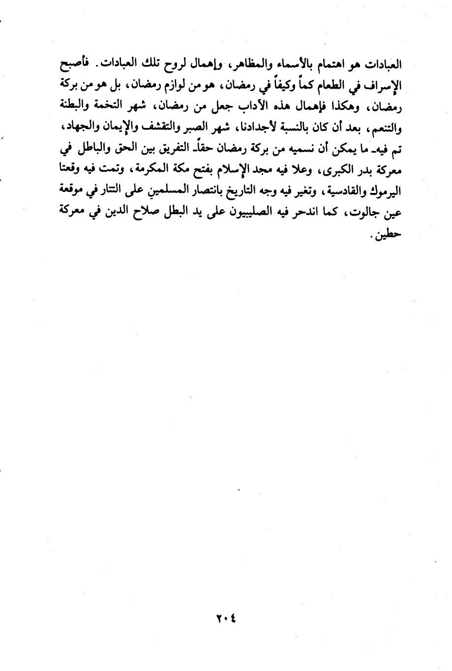 العبادات هو اهتمام بالأسماء والمظاهر، وإهمال لروح تلك العبادات، فأصبح الاسراف في الطعام كما وكيفا في رمضان، هو من لوازم رمضان، بل هو من بركة رمضان، وهكذا فإهمال هذه الآداب جعل من رمضان، شهر التخمة والبطنة والتنعم، بعد أن كان بالنسبة لأجدادنا، شهر الصبر والتقشف والايمان والجهاد، ثم فيه - ما يمكن أن نسميه من بركة رمضان حقا - التفريق بين الحق والباطل في معركة بدر الكبرى، وعلا فيه مجد الاسلام بفتح مكة المكرمة، وتمت فيه وقعتا اليرموك والقادسية، وتغير فيه وجه التاريخ بانتصار المسلمين على التتار في موقعة عين جالوت، كما اندحر فيه الصليبيون على يد البطل صلاح الدين في معركة حطين.
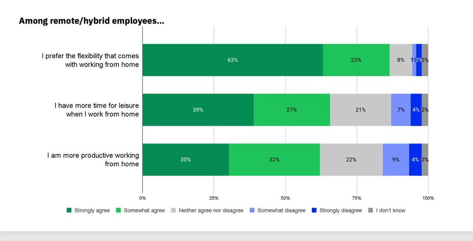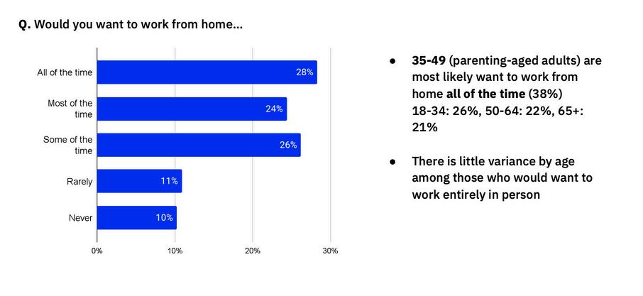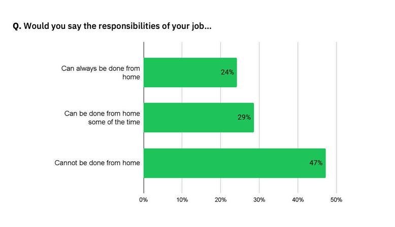 Given the choice, a majority (52%) of workers desire a hybrid work schedule most or all the time, and another quarter would like to do so some of the time However, nearly half (47%) of workers say their job responsibilities cannot be done from home
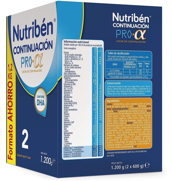 Nutribén leche de continuación. 2 x 600 gramos. Formato ahorro de 1,2 kg. A partir del sexto mes. Con nucleótidos, prebióticos, calcio, hierro, zinc y 8 vitaminas. Contribuye al correcto desarrollo del bebé en todos los ámbitos, y a que crezca sano y fuerte.
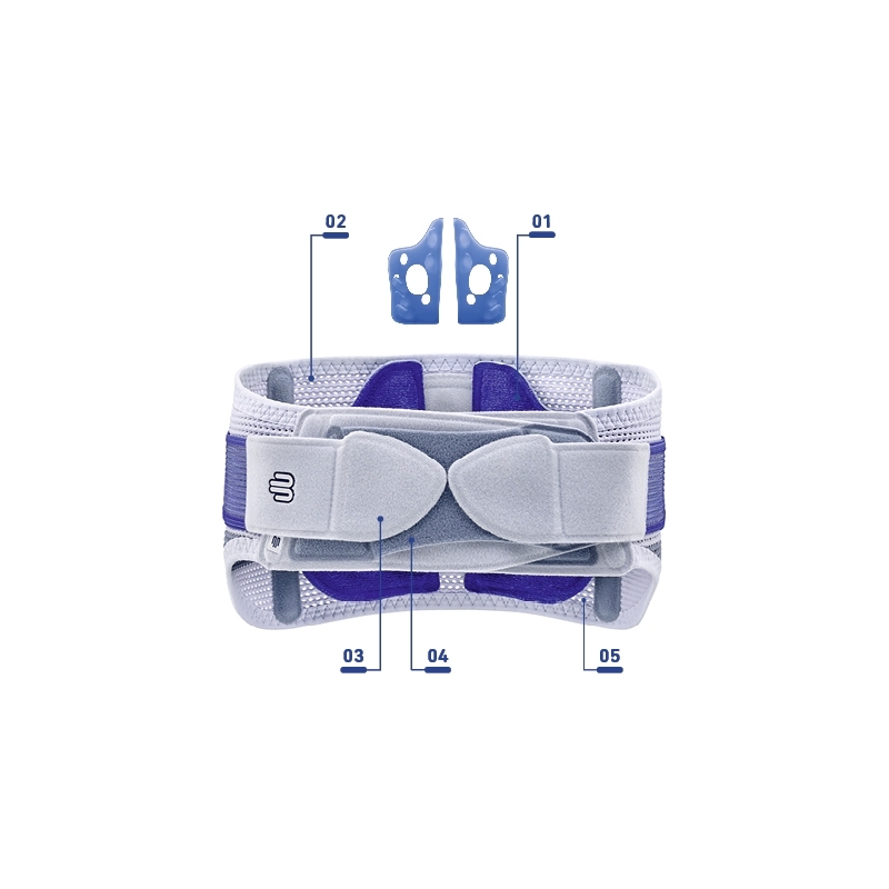 Die SacroLoc-Beckenorthese stabilisiert das Becken und entlastet die Iliosakralgelenke. Die zirkuläre Kompression durch das elastische Netzmaterial und die beiden Zuggurte der Orthese richtet das Kreuzbein auf und entlastet den lokalen Bandapparat. Ein patentiertes Traktionsgurtsystem positioniert zwei dorsale Pelotten präzise über den Iliosakralgelenken.

> ASSIGNED TASK: Every line of the listing must be reproduced exactly, though the pictures are to be left out.

> EXERCISE RESULT:
 العبادات هو اهتمام بالأسماء والمظاهر، وإهمال لروح تلك العبادات، فأصبح الاسراف في الطعام كما وكيفا في رمضان، هو من لوازم رمضان، بل هو من بركة رمضان، وهكذا فإهمال هذه الآداب جعل من رمضان، شهر التخمة والبطنة والتنعم، بعد أن كان بالنسبة لأجدادنا، شهر الصبر والتقشف والايمان والجهاد، ثم فيه - ما يمكن أن نسميه من بركة رمضان حقا - التفريق بين الحق والباطل في معركة بدر الكبرى، وعلا فيه مجد الاسلام بفتح مكة المكرمة، وتمت فيه وقعتا اليرموك والقادسية، وتغير فيه وجه التاريخ بانتصار المسلمين على التتار في موقعة عين جالوت، كما اندحر فيه الصليبيون على يد البطل صلاح الدين في معركة حطين.
 Given the choice, a majority (52%) of workers desire a hybrid work schedule most or all the time, and another quarter would like to do so some of the time However, nearly half (47%) of workers say their job responsibilities cannot be done from home
 Nutribén leche de continuación. 2 x 600 gramos. Formato ahorro de 1,2 kg. A partir del sexto mes. Con nucleótidos, prebióticos, calcio, hierro, zinc y 8 vitaminas. Contribuye al correcto desarrollo del bebé en todos los ámbitos, y a que crezca sano y fuerte.
 Die SacroLoc-Beckenorthese stabilisiert das Becken und entlastet die Iliosakralgelenke. Die zirkuläre Kompression durch das elastische Netzmaterial und die beiden Zuggurte der Orthese richtet das Kreuzbein auf und entlastet den lokalen Bandapparat. Ein patentiertes Traktionsgurtsystem positioniert zwei dorsale Pelotten präzise über den Iliosakralgelenken.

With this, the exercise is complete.